Bringing Earth's magnetosphere into the laboratory

The interaction of the Sun's solar wind with the Earth's magnetic field creates the magnetosphere, which is critical for life to exist since it blocks lethal cosmic rays and controls space weather like auroras. Scientists from Princeton, UCLA and the Instituto Superior Técnico, Portugal, have put together a unique new way to study millimeter-sized magnetospheres as test beds for planet-sized magnetospheres in the laboratory. "We have developed a new experimental platform to study mini-magnetospheres on the Large Plasma Device (LAPD) at UCLA," said PPPL and Princeton physicist Derek Schaeffer. This unique platform combines the magnetic field of the LAPD with a fast laser-driven plasma and a current-driven magnet to perform high-repetition-rate 3D measurements that can be compared to 3D simulations and spacecraft observations.

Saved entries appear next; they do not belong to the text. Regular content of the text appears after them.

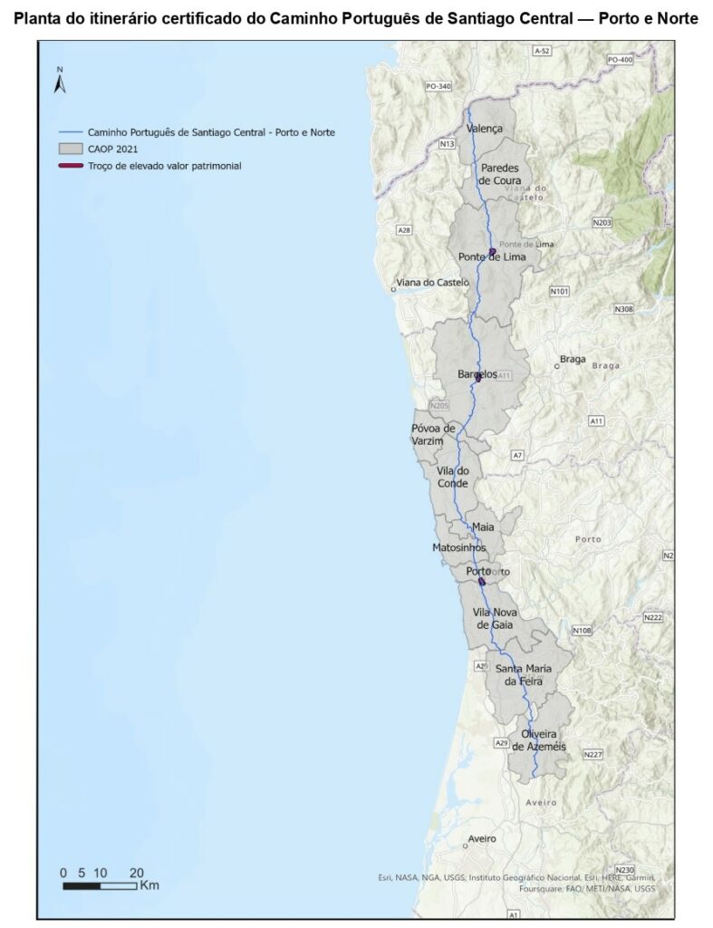 Certificação como itinerário do Caminho de Santiago o Caminho Português de Santiago Central - Porto e Norte "Com uma extensão de 177,8 km, o Caminho Português de Santiago Central - Porto e Norte atravessa 13 municípios: Oliveira de Azeméis, São João da Madeira, Santa Maria da Feira, Vila Nova de Gaia, Porto, Matosinhos, Maia, Vila do Conde, Póvoa de Varzim, Barcelos, Ponte de Lima, Paredes de Coura e Valença. A fundamentação da antiguidade do itinerário e do seu uso consistente, até ao presente, parte de estudos que provam a sua utilização regular pelas pessoas em trânsito entre a região do Douro e do Minho. Sobressaem as narrativas de peregrinações jacobeias realizadas entre os séculos XIV e XVIII por viajantes oriundos de vários países, cujos relatos fornecem-nos informações relevantes sobre o itinerário (orografia, templos religiosos, rede viária e espaços de apoio ao peregrino) que evidenciam a sua importância e dinâmica histórica. Fontes escritas são conciliadas com percursos pedestres preservados, vestígios arqueológicos associados à afirmação e expansão do culto em Portugal e exemplares de arquitetura religiosa e viária, entre os quais a Sé Catedral do Porto, a Igreja de Santiago de Custóias, a Igreja de Santiago do Couto, a Colegiada de Barcelos, o Mosteiro de Leça do Balio, o Mosteiro da Junqueira, a Igreja Românica de S. Pedro de Rates, a Capela de Santiago (Ponte de Lima), ou a Igreja Românica de Rubiães, a par de antigos hospitais e albergues, cruzeiros, nichos e pontes. Valorizam-se ainda as manifestações de cultura imaterial, a exemplo das lendas do Galo de Barcelos, da Rainha Santa Isabel e do Cavaleiro Cayo Carpo, para além da toponímia, de festividades cíclicas e outras práticas de culto relacionadas com o Caminho de Santiago. O itinerário assenta na antiga Estrada Real, que decalca em grande medida as principais vias romanas Norte-Sul (nomeadamente o itinerário XVI de Antonino entre Lisboa e Braga), que serviam de «espinha dorsal» dos Caminhos Portugueses de Santiago. O facto de o trajeto entre Porto e Valença ser o mais curto e retilíneo terá beneficiado do investimento na infraestruturação do percurso durante o período medieval, destacando -se o século XIII como a «idade de ouro» para a construção de pontes. O pedido de certificação do Caminho Português de Santiago Central - Porto e Norte tem a concordância dos municípios atravessados e apresenta condições de segurança, transitabilidade, equipamentos de apoio e informação. A sua certificação reflete os critérios constantes do anexo ao Decreto-Lei n. o 51/2019, de 17 de abril, e visa reconhecer e preservar o património cultural e natural associado ao Caminho de Santiago e assegurar os serviços de apoio adequados aos peregrinos.
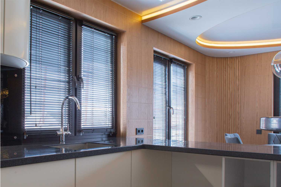 Деревянные ламели эффективно блокируют солнечные лучи, помогая поддерживать комфортный температурный режим в помещении и защищая мебель от выцветания.
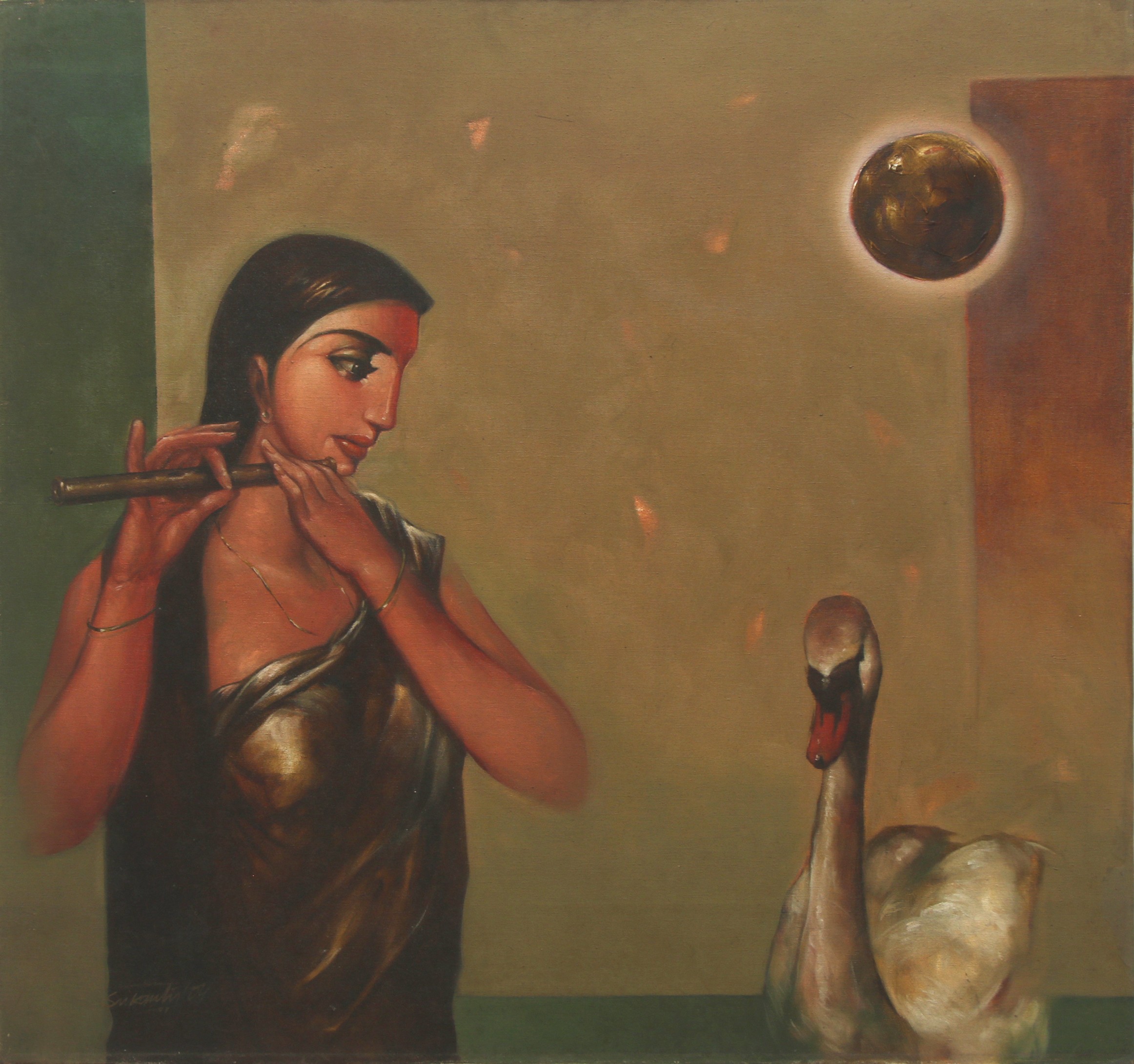 Das uses acrylics and mixed media on canvas to adeptly convey emotions through his art. His figures are striking, prompting viewers to envision narratives about the women depicted. Notice the intricate detail in their clothing and the artwork adorning them. Inspired by Mughal miniatures, his crafts captivating portraits that resonate with distant histories or tales.

Challenges and mitigations of characterizing plasmas with myriad industrial applications

While the interaction of plasma with liquids produces captivating physical phenomena with wide-ranging industrial uses, diagnosing and interpreting these interactions face vexing challenges. Now PPPL research led by physicist Shurik Yatom and supported by the Princeton Collaborative Low Temperature Research Facility (PCRF), a joint venture of the laboratory and Princeton University, provides a close look at methods for characterizing such low-temperature plasma interactions. The research focuses on laser diagnostic methods of Thomson scattering and laser-induced fluorescence, measuring plasma density and temperature and plasma-induced radicals, respectively. Presented work outlines the details of these approaches, the specific challenges encountered in plasma-liquid systems such as oscillations and quenching, correct ways of setting up the system for diagnostics and analysis of the obtained data.